For the fourth consecutive year, the U.S. Department of Agriculture’s Natural Resources Conservation Service (NRCS) will offer an opportunity for agricultural producers in three Ohio watersheds to apply for assistance to apply conservation practices that protect water quality through the National Water Quality Initiative (NWQI).
NRCS conservation professionals will provide technical assistance to help farmers with approved applications determine which conservation actions will provide the best results to improve water quality on their land.

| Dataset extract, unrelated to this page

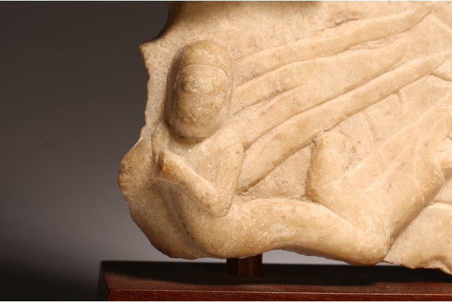 石質白淨無暇,質地堅硬細密。所雕刻飛天體態輕捷,豐姿秀麗,作騰飛狀,飛勢飄逸輕盈。 來源:聖何塞私人收藏 Provenance: Property from a San Jose private collection

Nutrient management, erosion control, conservation tillage, and buffer systems are just some of the practices being offered as part of the NWQI. To help install these conservation practices, NRCS will provide financial assistance payments to approved applicants through the Environmental Quality Incentives Program (EQIP).
NRCS worked closely with partners to select the priority watersheds. State agencies, key partners, and technical experts chose the following three watersheds where on-farm conservation investments have the best chance to improve water quality.
* Brandywine Creek-Broken Sword Creek Watershed (Crawford County)
* Fivemile Creek-East Fork Little Miami River Watershed (Clermont and Brown Counties)
* East Branch South Fork Sugar Creek Watershed (Tuscarawas and Holmes Counties)
NRCS is piloting a new Water Quality Index for Agricultural Runoff which will provide science-based information to help landowners determine the effectiveness of alternative conservation systems at achieving water quality improvement. Water quality monitoring by State water quality agencies and other partners both in-stream and at the watershed-level will provide data for the Index and will track water quality improvements in some of the project watersheds.
NRCS accepts applications for financial assistance on a continuous basis throughout the year. For the NWQI, NRCS will select applications submitted by March 18, 2016.
Applications submitted by entities, such as farmers applying as a corporation, must register with the Central Contractor Registration (CCR), a process that can take up to 3 weeks. Information about CCR requirements, including obtaining a Data Universal Number System (DUNS) number, is posted on the NRCS website at www.nrcs.usda.gov/programs/farmbill.